Project Introduction: UFO
Welcome to the world of UFO, a groundbreaking user interface-focused multi-agent framework aimed at transforming user interactions with the Windows operating system. UFO enables users to seamlessly navigate and operate within individual applications or across multiple applications to fulfill various requests swiftly and efficiently.
Framework Overview
UFO operates through a well-structured multi-agent framework encompassing:
-
HostAgent 🤖: A decision-maker for selecting applications to process user requests. When tasks require multiple applications, HostAgent may switch applications, ensuring a smooth and successful task conclusion.
-
AppAgent 👾: Dedicated to executing actions iteratively within chosen applications, completing tasks efficiently in each respective app.
-
Application Automator 🎮: It translates the actions from HostAgent and AppAgent into tangible user interactions, utilizing UI controls, native APIs, and AI tools for coherent application management.
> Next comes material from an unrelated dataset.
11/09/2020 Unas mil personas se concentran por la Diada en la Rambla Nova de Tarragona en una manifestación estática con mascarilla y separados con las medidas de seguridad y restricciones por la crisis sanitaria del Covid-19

Both agents employ the multi-modal functionalities of GPT-Vision to deliver an intuitive and reliable user experience.
Latest Updates and News
-
September 8, 2024: Release of version 1.1.0 enhances UFO's interaction abilities, permitting clicks on any app region and cutting down latency by around one-third.
-
July 6, 2024: Version 1.0.0 was launched, unveiling new features awaited by our community. Feedback and contributions are warmly encouraged.
-
June 28, 2024: Our official introduction video is available to viewers for a walkthrough of UFO's capabilities on YouTube.
Media Coverage
UFO has captured the attention of several media outlets, reflecting its transformative potential:
- Microsoft describes UFO as revamping user interfaces for a smarter Windows experience.
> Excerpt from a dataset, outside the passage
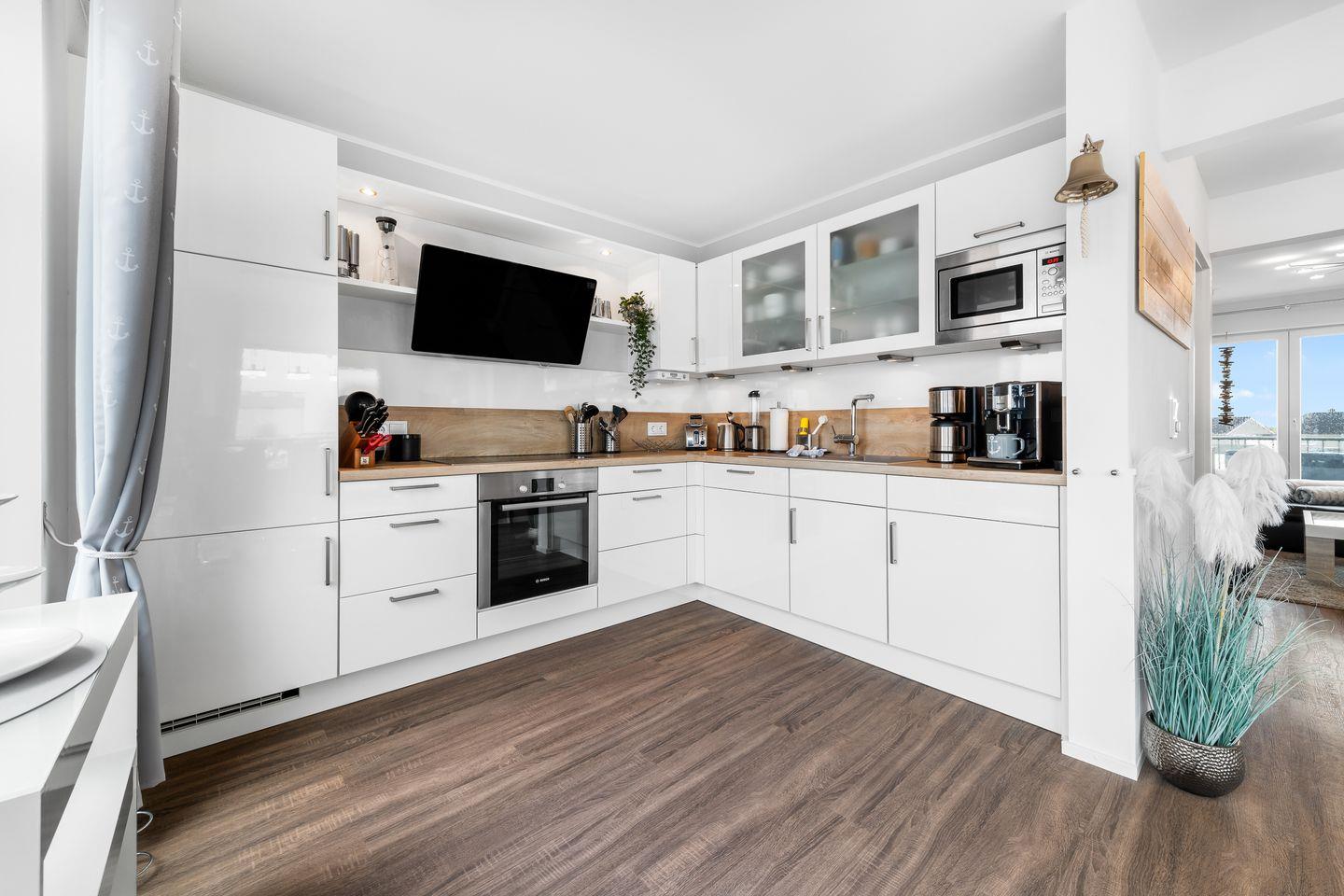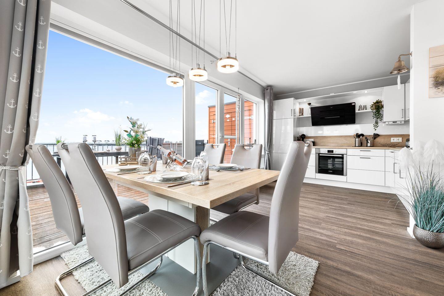 In der exzellent ausgestatteten Küche können Gäste regionale Spezialitäten zubereiten. Alternativ zur Nutzung des Herds oder Kochfelds stehen ein WMF-Tischgrill, ein Raclette und ein elektrischer Webergrill zur Verfügung. Die freie Lage und die bodentiefen Fenster ermöglichen einen Panoramablick auf den Yachthafen und einen eindrucksvollen Sonnenuntergang.

- Discussions surround how UFO represents the future of AI-driven PC interactions.
- Multiple international publications have covered its innovative contributions to smart automation.
Key Highlights
-
Pioneering Windows Agent: UFO stands as an innovative framework, converting natural language user requests into actionable operations on Windows.
-
RAG-Enhanced Expertise: By integrating retrieval augmented generation from diverse sources, UFO transforms into an expert across various applications.
-
Comprehensive Skill Set: UFO supports a wide array of automation inputs, encompassing mouse, keyboard, and native APIs.
-
Interactive and Customizable: Facilitates multiple sub-requests within the same session, and users can customize their agents for tailored interaction.
Getting Started
Installation
Ensure Python 3.10 or later is installed on a Windows OS 10 or above. Use the following commands to set up UFO:
# Clone repository
git clone https://github.com/microsoft/UFO.git
cd UFO
# Install the requirements
pip install -r requirements.txt
Configure Language Models (LLMs)
Set up the language model configurations in ufo/config/config.yaml
, defining parameters for both HostAgent and AppAgent.
Optional RAG Setup
Enhance UFO's capabilities through retrieval augmented generation using external databases as specified in ufo/config/config.yaml
.
Start UFO
To initiate UFO:
python -m ufo --task <your_task_name>
Interaction is facilitated through a command-line interface, ensuring active applications are ready for interaction.
Evaluation
For a detailed analysis of UFO's capabilities, refer to the WindowsBench evaluation in the Appendix of our technical report.
Citation
If UFO contributes to your research, please refer to our technical report for proper citation.
Additional Notes
UFO represents a significant leap in user interface automation, offering a scalable and customizable framework that leverages cutting-edge AI technologies to optimize user experience in Windows OS environments.